▶ Source data
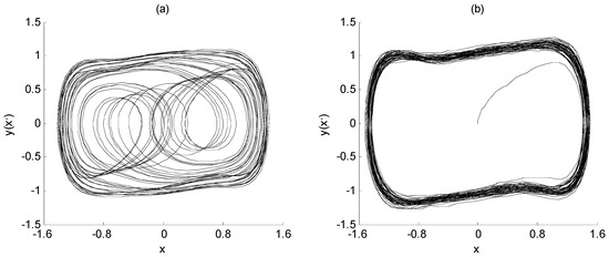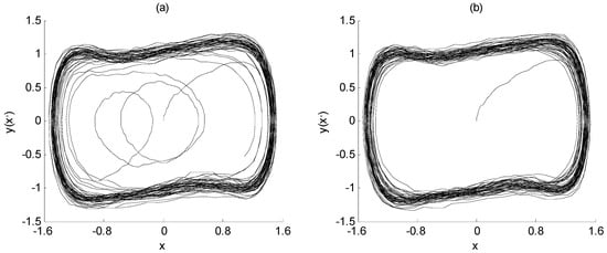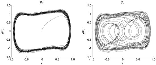 Define SNR = 10 × log(pa/pn), where pa represents the mean square value of characteristic signal a(t), and pn represents the strength of interference signal n(t). From this, the SNR of the characteristic signal and the noise interference signal in Equation (3) is about −25 dB. At this time, it is difficult to extract the characteristic signal directly from the noise n(t) through spectrum analysis. However, if the Duffing chaos system is placed in the critical state of the transformation from a chaotic state to a large-scale periodic state, and the signal a(t) + n(t) is taken as the input of the Duffing chaos system in this state, the frequency value of the characteristic signal can be identified from the output state of the Duffing chaos system, which is Equation (3). When the signal a(t) + n(t) is not considered, the output state of the Duffing chaos system is shown in Figure 1a. On the other hand, while the noisy signal a(t) + n(t) is added, the output state of Duffing chaos system is shown in Figure 1b. The ordinate y in the figure represents x’.
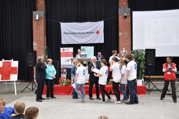 Teilehmer beim SSD-Wettbewerb 2011Erstmalig startete der DRK-Kreisverband Emsland am Dienstag, 21. Juni 2011, einen Leistungswettbewerb für Schulsanitätsdienste (SSD). 15 Aufgaben, bestehend aus den Bereichen Erste Hilfe sowie Spiel und Spaß, bescherten allen Teilnehmern einen schönen Tag. Neben diversen Aufgaben aus den Bereichen Erste Hilfe, Herz-Lungen-Wiederbelebung oder Versorgung eines Bewusstlosen wurde bei zahlreichen Spielen auch der Teamgeist gefordert.Siegerehrung beim SSD-Wettbewerb: 4. und 14. Platz für die beiden Gruppen vom Leoninum Schwierigkeiten hatten viele Jugendliche beim Thema Alkoholpräventation der Polizei Getränke den einzelnen Altersklassen zuzuordnen. 28 Teams mit jeweils fünf Schulsanitätern stellten sich den Aufgaben. Das Gymnasium Leoninum Handrup war mit zwei Gruppen am Start; sie wurden von Alfons Vogelsang betreut und unterstützt. Unsere Schulsanitäter waren mit Ehrgeiz und viel Herzblut dabei. Belohnt wurde dies mit einem 4. und einem 14. Platz.
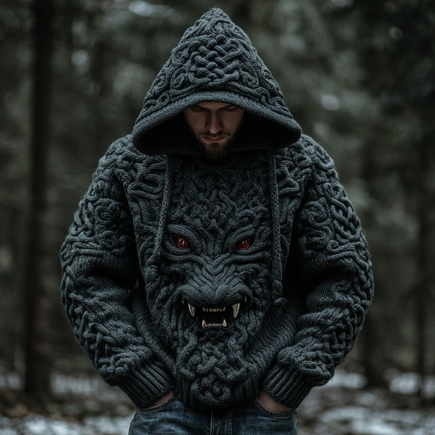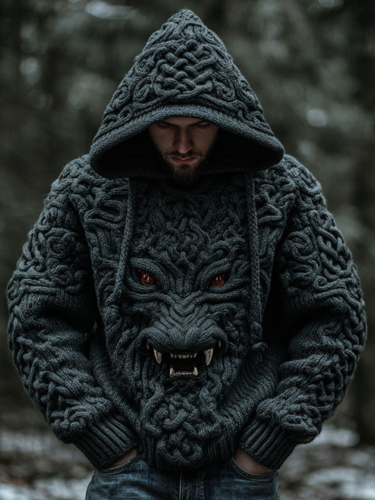 Men's Viking Dragon Style Celtic Jacquard Knitted Hooded Sweater
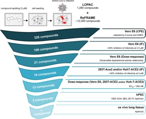 这些药物都能够抑制病毒的复制,从而缓解病毒感染细胞。通过对其中最有潜力的三种药物ONO 5334, MDL 28170以及阿匹莫德的体外细胞实验发现,阿匹莫德能够降低85%的感染细胞数量,ONO 5334和MDL28170使细胞感染数量分别降低72%和65%。

▶ What you need to do
Only the lines from the top of the data through the line with "Men's Viking Dragon" should be quoted, exactly and with both ends kept; skip the pictures.

▶ Finished exercise
 Define SNR = 10 × log(pa/pn), where pa represents the mean square value of characteristic signal a(t), and pn represents the strength of interference signal n(t). From this, the SNR of the characteristic signal and the noise interference signal in Equation (3) is about −25 dB. At this time, it is difficult to extract the characteristic signal directly from the noise n(t) through spectrum analysis. However, if the Duffing chaos system is placed in the critical state of the transformation from a chaotic state to a large-scale periodic state, and the signal a(t) + n(t) is taken as the input of the Duffing chaos system in this state, the frequency value of the characteristic signal can be identified from the output state of the Duffing chaos system, which is Equation (3). When the signal a(t) + n(t) is not considered, the output state of the Duffing chaos system is shown in Figure 1a. On the other hand, while the noisy signal a(t) + n(t) is added, the output state of Duffing chaos system is shown in Figure 1b. The ordinate y in the figure represents x’.
 Teilehmer beim SSD-Wettbewerb 2011Erstmalig startete der DRK-Kreisverband Emsland am Dienstag, 21. Juni 2011, einen Leistungswettbewerb für Schulsanitätsdienste (SSD). 15 Aufgaben, bestehend aus den Bereichen Erste Hilfe sowie Spiel und Spaß, bescherten allen Teilnehmern einen schönen Tag. Neben diversen Aufgaben aus den Bereichen Erste Hilfe, Herz-Lungen-Wiederbelebung oder Versorgung eines Bewusstlosen wurde bei zahlreichen Spielen auch der Teamgeist gefordert.Siegerehrung beim SSD-Wettbewerb: 4. und 14. Platz für die beiden Gruppen vom Leoninum Schwierigkeiten hatten viele Jugendliche beim Thema Alkoholpräventation der Polizei Getränke den einzelnen Altersklassen zuzuordnen. 28 Teams mit jeweils fünf Schulsanitätern stellten sich den Aufgaben. Das Gymnasium Leoninum Handrup war mit zwei Gruppen am Start; sie wurden von Alfons Vogelsang betreut und unterstützt. Unsere Schulsanitäter waren mit Ehrgeiz und viel Herzblut dabei. Belohnt wurde dies mit einem 4. und einem 14. Platz.
 Men's Viking Dragon Style Celtic Jacquard Knitted Hooded Sweater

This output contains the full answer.